Competency 6.1.11 Flashcards
Systemic Cataract Preoperative Considerations
Can patient lie flat?
- COPD where lying supine may cause shortness of breath
- Spinal abnormalities
Alpha blockers
- Tamulosin and naftopidil can cause floppy iris syndrome
Allergy
- Allergy to shellfish may indicate iodine allergy
Ocular Cataract Preoperative Considerations
Deep set eyes & shallow AC
- can make surgery more difficult
Lids and Adnexa
- Blepharitis or lid malposition can predispose to endophthalmitis
Fundus Examination
- Coexisting pathology can impact visual outcome
Refraction
- Consider K values, AL and refraction to leave patient at emmetropia
- Consider any previous refractive suprise
- Consider previous laser eye surgery
What is Phacoemulsification?
- Is standard method of cataract surgery
- Is a device which breaks up the lens using ultrasonic waves which can then be vacuumed out
- Surgery is a 30 minute affair which takes place under local anaesthetic
Phacoemulsification Procedure
- Incisions either 60 or 180 degrees apart at limbus to allow access
- Opening of anterior lens capsule (capsularhexis)

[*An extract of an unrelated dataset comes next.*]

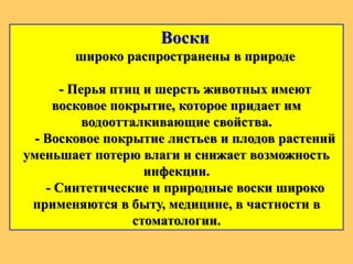 3 . Гликолипиды… . производные сфингозина, содержащие фосфорную кислоту . производные глицерина, содержащие углеводный остаток . производные этиленгликоля, содержащие углеводный остаток . производные сфингозина, жирной кислоты и углевода . 4 . Воска - сложные эфиры . . .
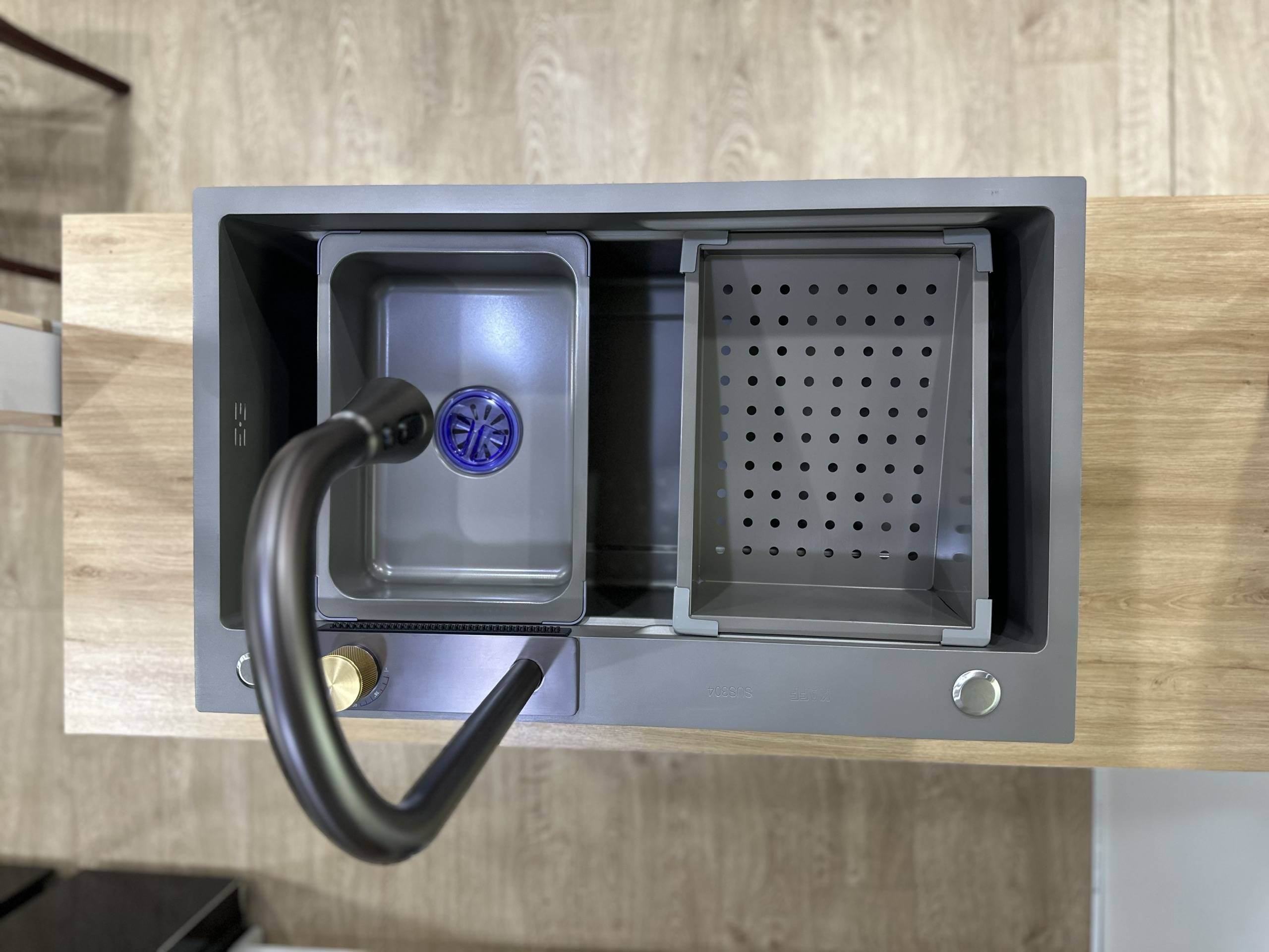 Bảo hành: 5 năm Chất liệu: Inox 304 phủ nano đen Độ dày: 1.0 + 3.0 Độ sâu bồn: 240 mm Kích thước: 780D x 480R mm Đóng gói: 1 bộ tiêu chuẩn túi PE,

- Removal of lens material using phaco, many techniques including divide and conquer
- Removal of lens material
- Insertion of IOL into lens caspsule
- Incisions may be sealed with stromal saline injection
Extracapsular Cataract Extraction
- Requires larger incision and so has slower recovery rate
- Used in very dense cataract where higher phaco powers would potentially cause issues
- The larger incision allows the cataract to be removed in one piece.
- requires stitches after surgery
Post Surgery Pharmacological Treatment
- Dexamethasone 0.1% or prednisolone 1.0% bds for 4 weeks
- Chloramphenicol bds for 4 weeks
- May be given topical NSAID if diabetic
Post Surgery Non-Pharmacological Treatment
- Eye shield to wear every night for first week after surgery to protect eye during night can also be used in shower to protect when washing hair
Post Surgical Advice
- No swimming for 4 to 6 weeks
- Take it easy, no intense exercise
- Can use electronic devices
- Use shield or glasses outdoors
- Bathe and shower as usual
- No driving until advised safe to do so
Cataract Surgery Complications
- Rupture of Posterior Lens Capsule
- Posterior dislocation of IOL
- Endophthalmitis
- Double Vision/Ptosis
- Increased IOP
- Corneal oedema
- CMO
- Dysphotopsia
- Posterior capsular opacification
Rupture of Posterior Lens Capsule
- Can be accompanied by vitreous loss, posterior migration of lens material and expulsive haemorrhage
- Vitreous loss can lead to:
- CMO
- Retinal detachment
- Endophthalmitis
Posterior Dislocation of IOL
- Rare
- IOL ends up in vitreous cavity
- Occurs in eyes with fragile zonular attachments e.g. in pseudoexfoliation where in entire capsular bag may dislocate
- Can lead to:
- Vitreous haemorrhage
- Chronic CMO
- Uveitis
- Retinal detachment
Endophthalmitis Risk Factors
- Posterior capsular rupture
- Prolongued procedure time
- Combined procedure
- Diabetes
How does Endophthalmitis Damage the Eyes?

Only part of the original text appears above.